Jacqueline Roque 1953-1973
In 1953, the young Jacqueline Roque worked at the Madoura Pottery where Picasso created his ceramics. After the death of Olga Khokhlova, she became his second legal wife. Picasso based more works on Roque than on any of the other women in his life: she was the inspiration behind more than 400 pieces. Together until his death in 1973, Roque went on to manage his estate, bitterly feuding with Gilot and refusing to allow her or her children to attend Picasso’s funeral.

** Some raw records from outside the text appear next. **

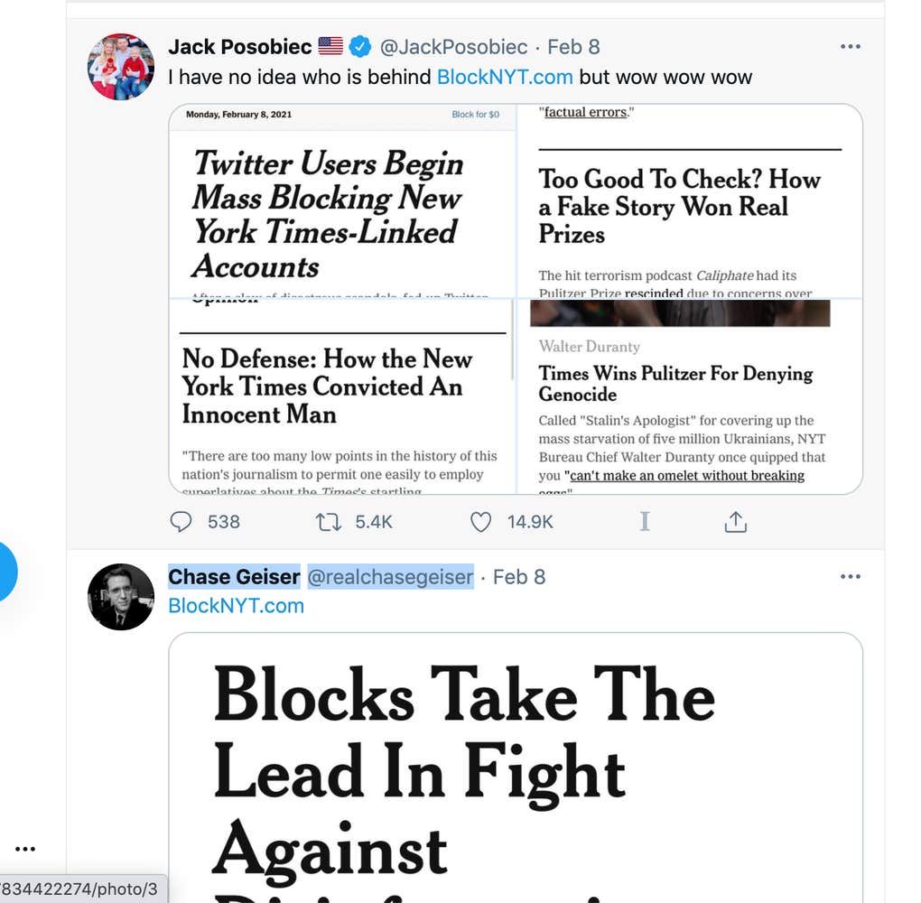 But it's much more likely the same far-right media that rushed to share it are similarly behind it. The second person to ever tweet about it was conspiracy theorist Jack Posobiec, claiming, "I have no idea who is behind http://BlockNYT.com but wow wow wow.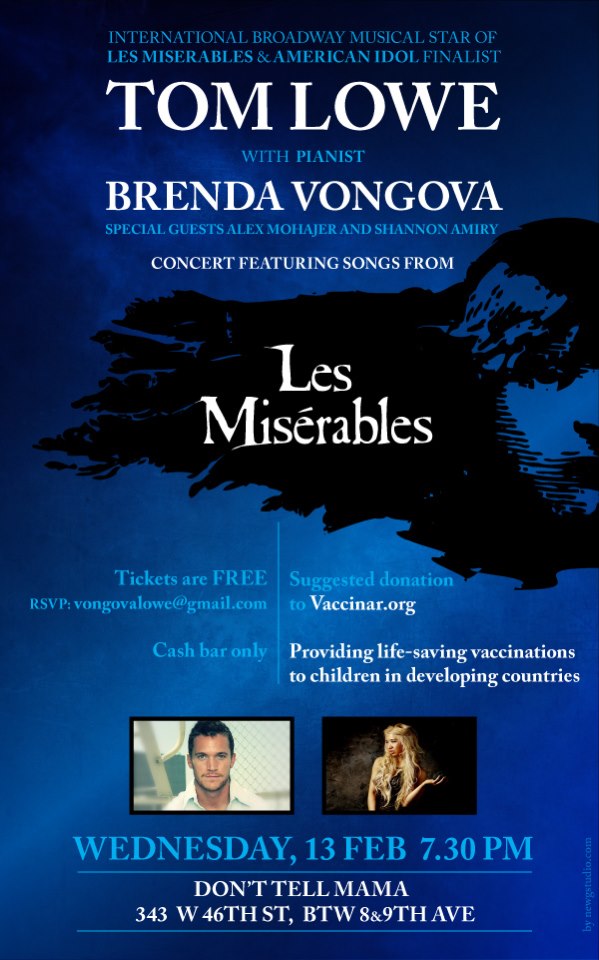 Don’t Tell Mamas, New York Les Miserables Recital with singer Tom Lowe and pianist Brenda Vongova – Benefit for Vaccinar (February 2013)
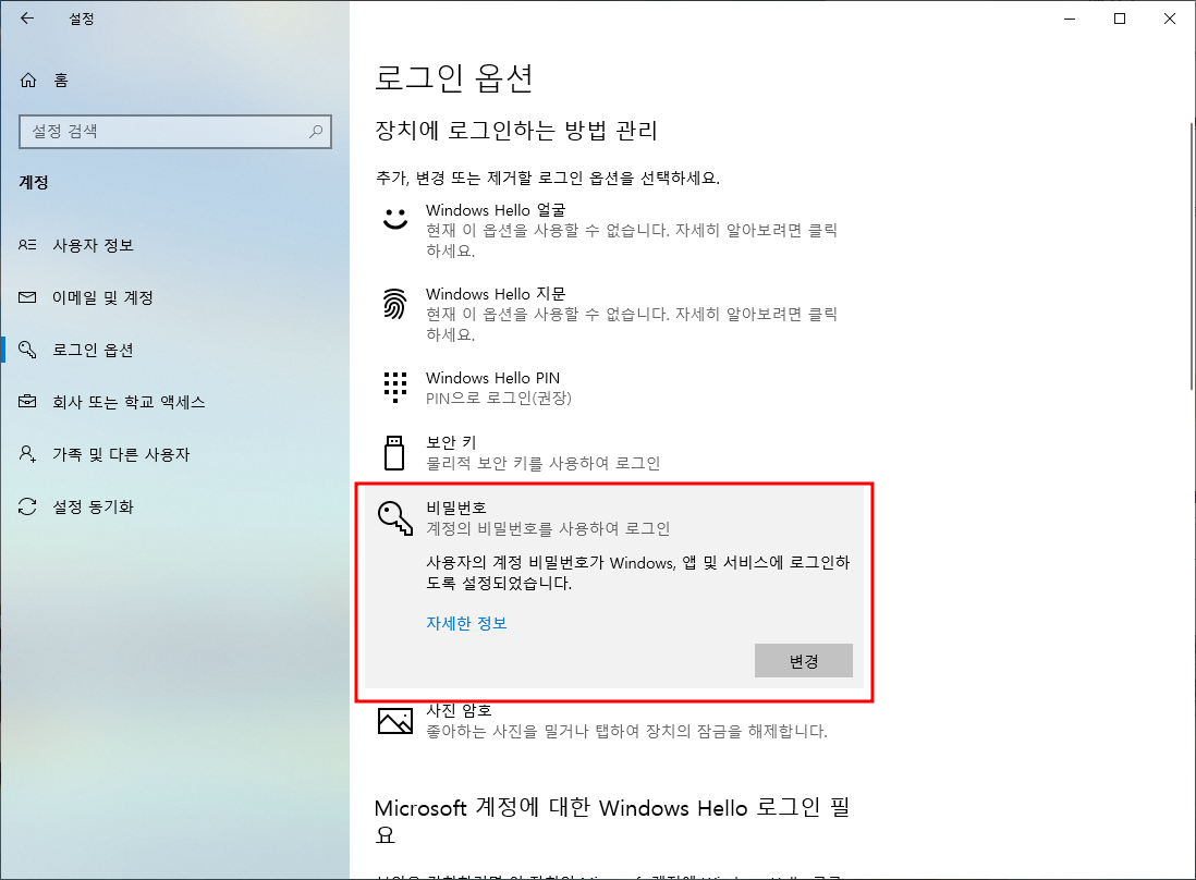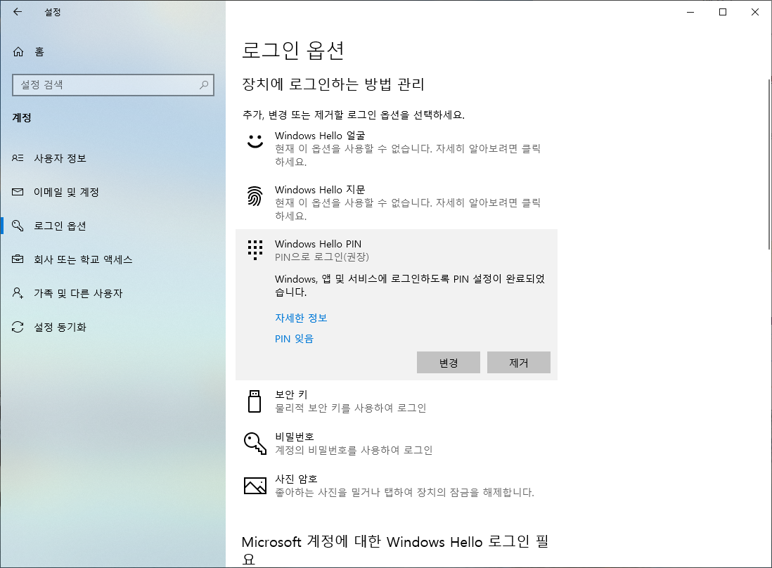앞서 설명한 pin 제거와 동일한 결과지만, 접근 방법이 다른 것을 조금 소개하기 위한 설명입니다. 윈도우 10 비밀번호 변경은 글 끝을 보시면 됩니다.

Eventually the two women reconciled, collaborating on the foundation of the Musée Picasso in Paris.
There are other women, too, whose lives became entangled with Picasso’s. There was the mysterious Madeleine, his lover and model who terminated her pregnancy with him when she was replaced by Fernande Olivier. There’s Raymonde, the adolescent girl Picasso and Fernande adopted, who having become of interest to Picasso, was swiftly sent back to the orphanage. The year 1916 was a busy one for Picasso. He proposed to, and was refused by, Gabrielle Lespinasse, the “ravishing” mistress that he had secreted away while Eva was dying. Pâquerette, an artists’ model and mannequin for fashion designer Paul Poiret, was his summer girlfriend. The poet Guillaume Apollinaire helped Picasso kidnap Irène Lagut, with whom he’d fallen in love; she was indifferent although, having escaped, she returned to him a week later. In 1954, Picasso painted a series of portraits of Sylvette David, a blonde beauty with a signature ponytail. Their relationship, for once, was completely hands-off.
Picasso’s death left a trail of destruction. His children’s lives were in a tragic state. Marie-Thérèse Walter hanged herself four years after Picasso’s death and Roque fatally shot herself. Gilot suggested that Picasso was a narcissist with a desire for control: his seduction was a form of exercising power over women. Picasso wrung all he could out of his muses and then hung them out to dry on his canvases.